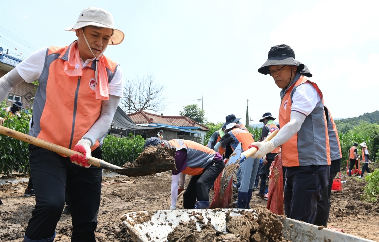 또한, 25일 예정됐던 전사 혁신토론회를 연기하고, 김동철 사장과 최철호 전력노조위원장을 비롯한 경영진, 본사 처․실장, 지역본부장, 노조간부 등 임직원 150여명이 경기도 가평군 상면과 경남 산청군 등 피해 현장을 직접 찾아 구호 물품 기탁, 침수 주택 청소, 가재도구 정리, 급식 봉사 등 노사합동 복구활동을 펼쳤다.
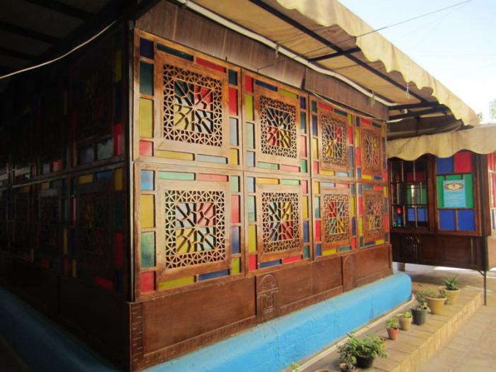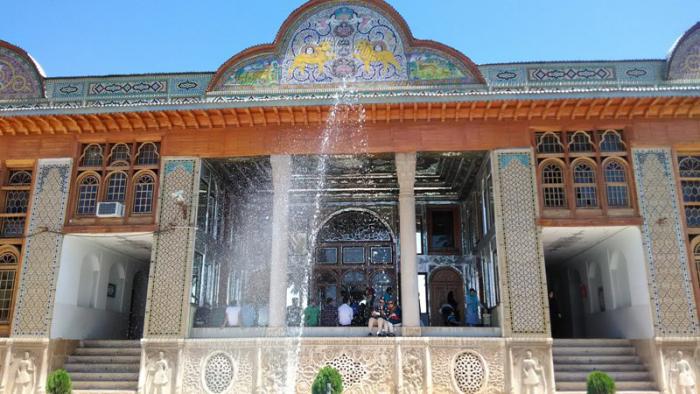 Вид на бируни «Дома Кавамов». «Бируни» — помещение для организации вечеринок, торжественных приемов гостей. В прежние времена и сад, и его здания, были лишь частью большого жилого комплекса семьи Кавам. По центру бируни расположен talar — «талар» — традиционная терраса перед «тронным залом» — залом официальных приемов, по сути — зал ожидания, приемная.
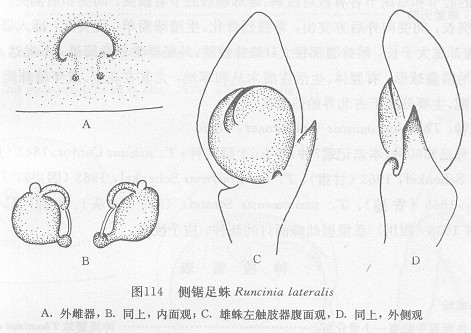 雌蛛长5.40—7.30毫米。背甲黄白色,中部有一白色纵纹,中侧部有两
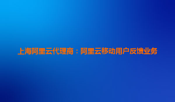 作为阿里云的本地合作伙伴,上海阿里云代理商在移动用户反馈业务中扮演着重要角色:
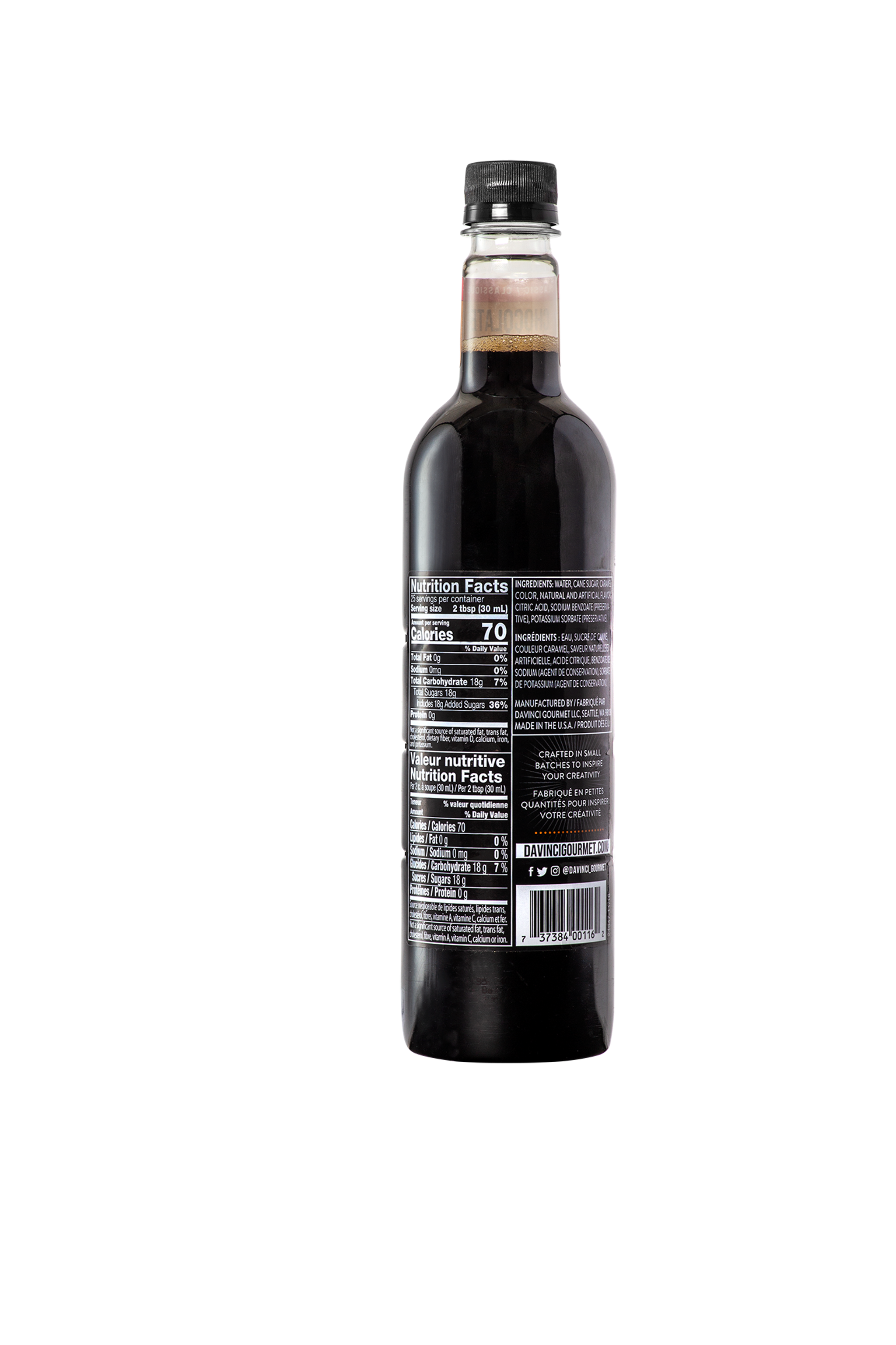 - Indulge taste buds with rich, semisweet chocolate flavor in every drop of this rich-tasting fat-free syrup from DaVinci Gourmet. We craft our Classic syrups from the finest ingredients to ensure premium quality. Professional baristas and mixologists across the globe rely on our products to help them create delicious beverages. We make our syrup with pure cane sugar and rich chocolate taste. Our Classic Chocolate syrup is specially formulated to mix quickly and easily in hot or cold beverages and resists curdling for smooth results.Sweet and rich-tasting, this DaVinci Gourmet Classic Chocolate syrup makes a delicious addition to a variety of beverage and culinary applications. Try in hot cocoa for a decadent twist. Invent signature dessert cocktails or mocktails with a splash of this chocolate syrup. Or combine with flavors from our wide selection of Classic, Naturals and Fruit Innovations products to customize beverages to suit any taste. Our Classic Chocolate syrup is Kosher-Pareve certified.
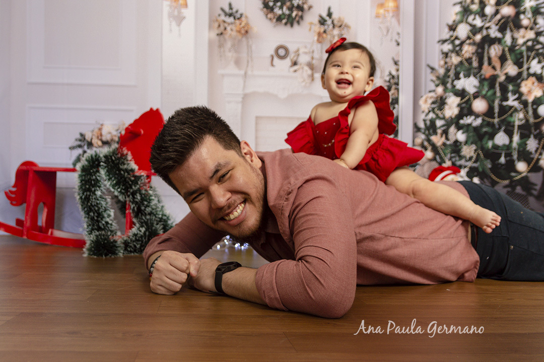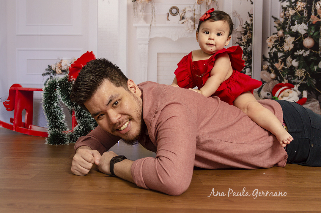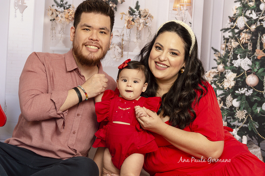 O ensaio de 8 meses da Carol foi o ensaio de Natal com a família toda!
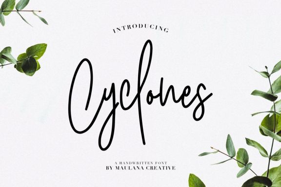 Give your designs an authentic handcrafted feel. "Cyclones" is perfectly suited to signature, stationery, logo, typography quotes, magazine or book cover, website header, clothing, branding, packaging design and more.
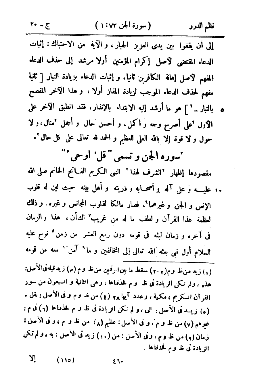 مقصودها إظهار الشرف لهذا النبي الكريم الفاتح (صَلَّى اللهُ عَلَيْهِ وَسَلَّمَ) وعلى أنه وأصحابه وذريته، أهل بيته حيث لين له قلوب الإنس والجن وغيرهما، فصار مالكا لقلوب المجانس وغيره، وذلك لعظمة هذا القرآ، ولطف ما له من غريب الشأن، هذا والزمان في آخره وزمان لبثه في قومه دون ربع العشر من زمن نوح عليه السلام أول نبي بعثه الله تعالى إلى المخالفين وما آمن معه من قومه
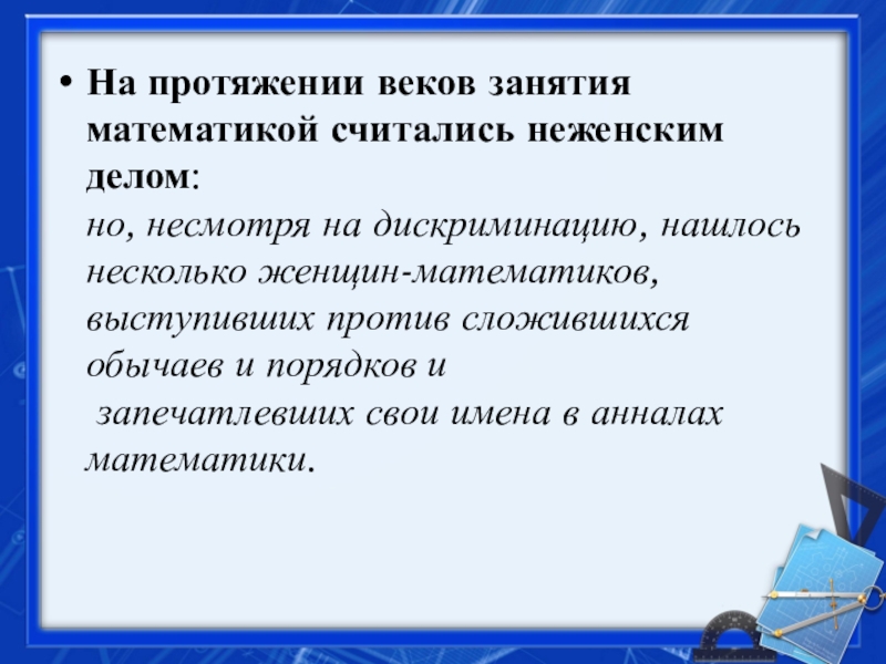 Слайд 4На протяжении веков занятия математикой считались неженским делом:
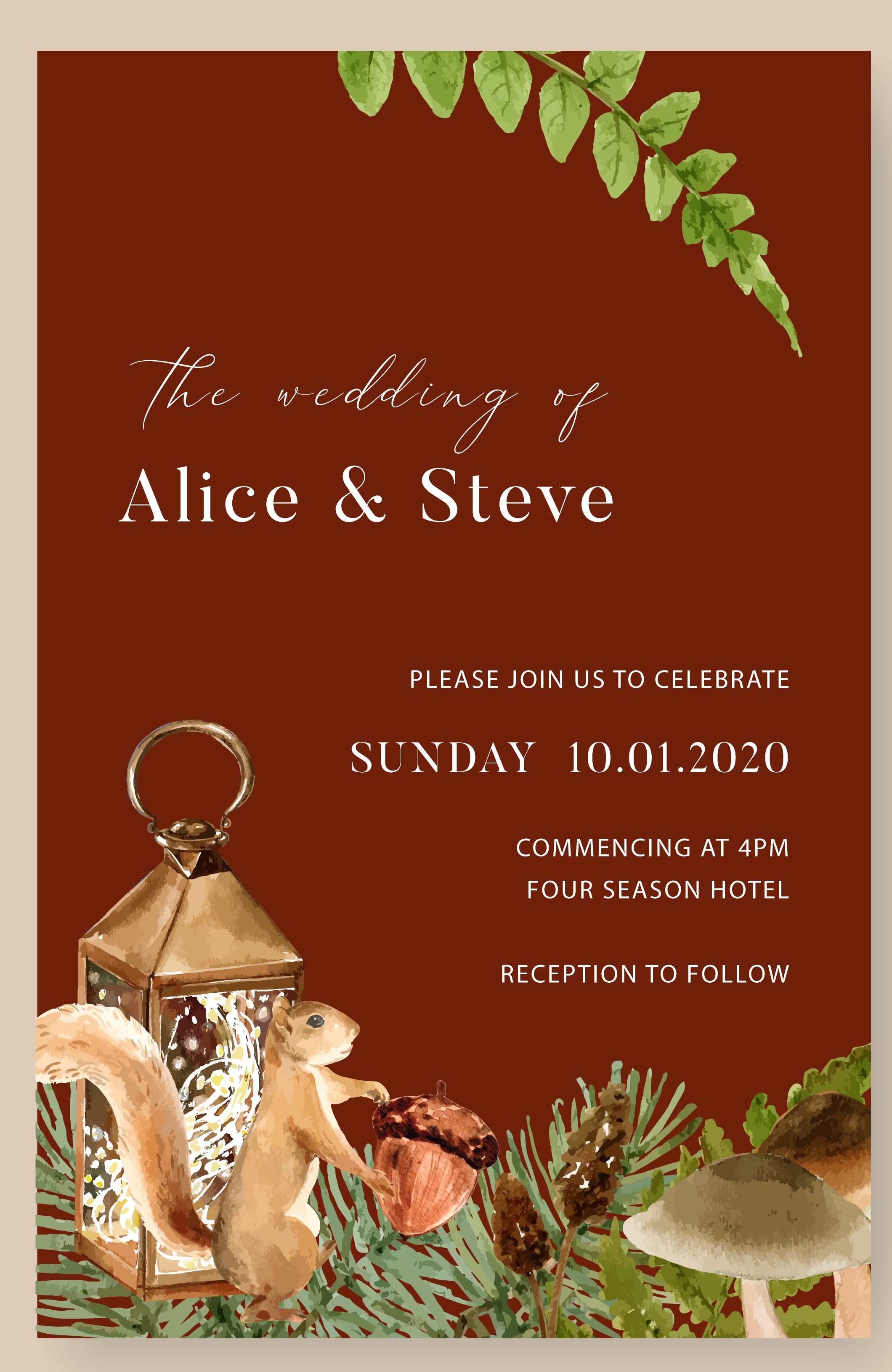 Mẫu thiệp mời cưới DKP-TM 000175: Mang đến một bức tranh thiên nhiên rực rỡ, mẫu thiệp cưới này đã tạo ra vẻ đẹp tự nhiên, nổi bật mà ít mẫu thiệp cưới nào có được. Phông nền sử dụng cho thiệp cưới là tông màu đỏ gạch nổi bật, màu sắc này rát phù hợp cho những ngày vui như đám cưới. Màu đỏ mang lại vẻ đẹp của sự may mắn, hạnh phúc, bình an, đây cũng là lời chúc phúc tốt đẹp nhất muốn gửi đến cô dau chú rể khi sử dụng mẫu thiệp cưới này. Việc sắp xếp bố cục lạ mắt, tên riêng của cô dâu chú rể đặt bên trái, phần thông tin còn lại đặt ở bên phải của thiệp, toàn bộ tạo ra bố cục cân bằng, rất hợp lí. Với những sinh vật đáng yêu xuất hiện trên tấm thiệp, nó lại càng mang đến dáng vẻ sinh động, hiếm thấy, khiến mẫu thiệp cưới này dồi dào sinh lực đến hiếm có.
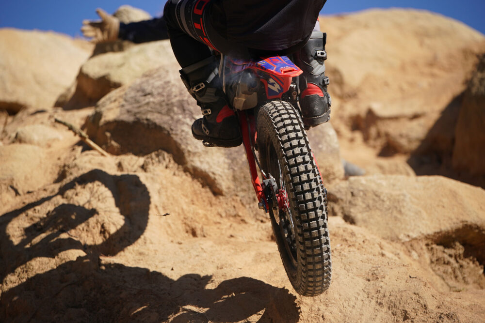 両者の差は、大方のトライアルライダーが乗り比べて理解できる差ではあると思うけど、中にはさっぱりわからない人もいると思う。そういう人は、zが無二の選択になることだろう。たとえ、両方を乗り比べてその差にまったく気がつけなくても、タイヤが自分でアクションしてくれるzには、きっとライディングを助けてもらえるにちがいない。
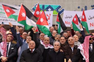 وشارك بالوقفة التي تخللها رفع الإعلام الأردنية وشعارات تؤكد الرفض التام للتهجير والتوطين والوطن البديل، وتؤكد الوقوف خلف القيادة الهاشمية، رؤساء غرف تجارية وممثلو القطاعات التجارية ورؤساء نقابات وجمعيات أصحاب العمل وأصحاب أعمال وشركات.
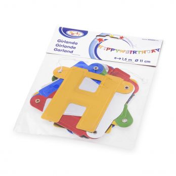 Girlande (PAP/ALU) „HAPPY BIRTHDAY“ 11 cm x 1,5 m.
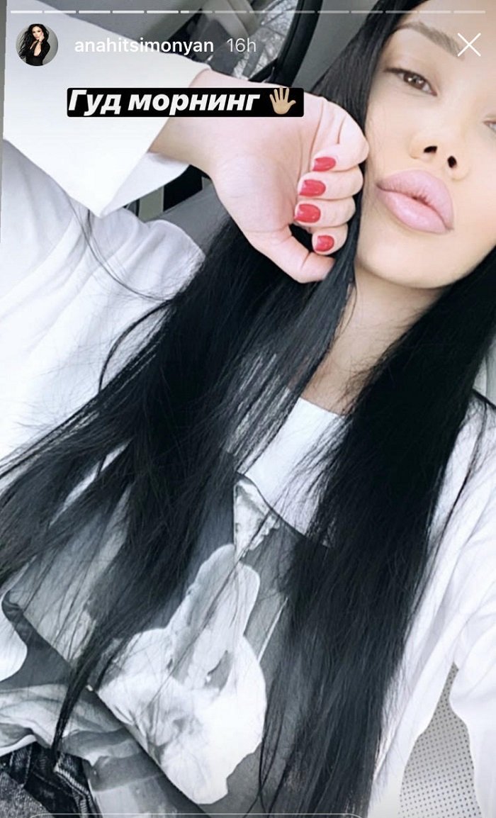 Instagram-յան էջի Stories բաժնում (այստեղ ցանկացած տեղեկատվություն հասանելի է միայն 24 ժամ, ինչից հետո անհետանում է) հրապարակված կադրերում երգիչ Հայկոյի կինը սպիտակ բլուզ է կրում եւ ջինսե տաբատ։ Նա արձակել է մազերը, արտահայտիչ շպար ընտրել՝ ընդգծելով շուրթերը։ «Բարի առավոտ»,- հրապարակումը մակագրել է Անահիտ Սիմոնյանը։

• _PROBLEM_: Above are the records; print them all exactly and keep the pictures out.

• _OUTPUT OF THE EXERCISE_:
 또한, 25일 예정됐던 전사 혁신토론회를 연기하고, 김동철 사장과 최철호 전력노조위원장을 비롯한 경영진, 본사 처․실장, 지역본부장, 노조간부 등 임직원 150여명이 경기도 가평군 상면과 경남 산청군 등 피해 현장을 직접 찾아 구호 물품 기탁, 침수 주택 청소, 가재도구 정리, 급식 봉사 등 노사합동 복구활동을 펼쳤다.
 Вид на бируни «Дома Кавамов». «Бируни» — помещение для организации вечеринок, торжественных приемов гостей. В прежние времена и сад, и его здания, были лишь частью большого жилого комплекса семьи Кавам. По центру бируни расположен talar — «талар» — традиционная терраса перед «тронным залом» — залом официальных приемов, по сути — зал ожидания, приемная.
 雌蛛长5.40—7.30毫米。背甲黄白色,中部有一白色纵纹,中侧部有两
 作为阿里云的本地合作伙伴,上海阿里云代理商在移动用户反馈业务中扮演着重要角色:
 - Indulge taste buds with rich, semisweet chocolate flavor in every drop of this rich-tasting fat-free syrup from DaVinci Gourmet. We craft our Classic syrups from the finest ingredients to ensure premium quality. Professional baristas and mixologists across the globe rely on our products to help them create delicious beverages. We make our syrup with pure cane sugar and rich chocolate taste. Our Classic Chocolate syrup is specially formulated to mix quickly and easily in hot or cold beverages and resists curdling for smooth results.Sweet and rich-tasting, this DaVinci Gourmet Classic Chocolate syrup makes a delicious addition to a variety of beverage and culinary applications. Try in hot cocoa for a decadent twist. Invent signature dessert cocktails or mocktails with a splash of this chocolate syrup. Or combine with flavors from our wide selection of Classic, Naturals and Fruit Innovations products to customize beverages to suit any taste. Our Classic Chocolate syrup is Kosher-Pareve certified.
 O ensaio de 8 meses da Carol foi o ensaio de Natal com a família toda!
 Give your designs an authentic handcrafted feel. "Cyclones" is perfectly suited to signature, stationery, logo, typography quotes, magazine or book cover, website header, clothing, branding, packaging design and more.
 مقصودها إظهار الشرف لهذا النبي الكريم الفاتح (صَلَّى اللهُ عَلَيْهِ وَسَلَّمَ) وعلى أنه وأصحابه وذريته، أهل بيته حيث لين له قلوب الإنس والجن وغيرهما، فصار مالكا لقلوب المجانس وغيره، وذلك لعظمة هذا القرآ، ولطف ما له من غريب الشأن، هذا والزمان في آخره وزمان لبثه في قومه دون ربع العشر من زمن نوح عليه السلام أول نبي بعثه الله تعالى إلى المخالفين وما آمن معه من قومه
 Слайд 4На протяжении веков занятия математикой считались неженским делом:
 Mẫu thiệp mời cưới DKP-TM 000175: Mang đến một bức tranh thiên nhiên rực rỡ, mẫu thiệp cưới này đã tạo ra vẻ đẹp tự nhiên, nổi bật mà ít mẫu thiệp cưới nào có được. Phông nền sử dụng cho thiệp cưới là tông màu đỏ gạch nổi bật, màu sắc này rát phù hợp cho những ngày vui như đám cưới. Màu đỏ mang lại vẻ đẹp của sự may mắn, hạnh phúc, bình an, đây cũng là lời chúc phúc tốt đẹp nhất muốn gửi đến cô dau chú rể khi sử dụng mẫu thiệp cưới này. Việc sắp xếp bố cục lạ mắt, tên riêng của cô dâu chú rể đặt bên trái, phần thông tin còn lại đặt ở bên phải của thiệp, toàn bộ tạo ra bố cục cân bằng, rất hợp lí. Với những sinh vật đáng yêu xuất hiện trên tấm thiệp, nó lại càng mang đến dáng vẻ sinh động, hiếm thấy, khiến mẫu thiệp cưới này dồi dào sinh lực đến hiếm có.
 両者の差は、大方のトライアルライダーが乗り比べて理解できる差ではあると思うけど、中にはさっぱりわからない人もいると思う。そういう人は、zが無二の選択になることだろう。たとえ、両方を乗り比べてその差にまったく気がつけなくても、タイヤが自分でアクションしてくれるzには、きっとライディングを助けてもらえるにちがいない。
 وشارك بالوقفة التي تخللها رفع الإعلام الأردنية وشعارات تؤكد الرفض التام للتهجير والتوطين والوطن البديل، وتؤكد الوقوف خلف القيادة الهاشمية، رؤساء غرف تجارية وممثلو القطاعات التجارية ورؤساء نقابات وجمعيات أصحاب العمل وأصحاب أعمال وشركات.
 Girlande (PAP/ALU) „HAPPY BIRTHDAY“ 11 cm x 1,5 m.
 Instagram-յան էջի Stories բաժնում (այստեղ ցանկացած տեղեկատվություն հասանելի է միայն 24 ժամ, ինչից հետո անհետանում է) հրապարակված կադրերում երգիչ Հայկոյի կինը սպիտակ բլուզ է կրում եւ ջինսե տաբատ։ Նա արձակել է մազերը, արտահայտիչ շպար ընտրել՝ ընդգծելով շուրթերը։ «Բարի առավոտ»,- հրապարակումը մակագրել է Անահիտ Սիմոնյանը։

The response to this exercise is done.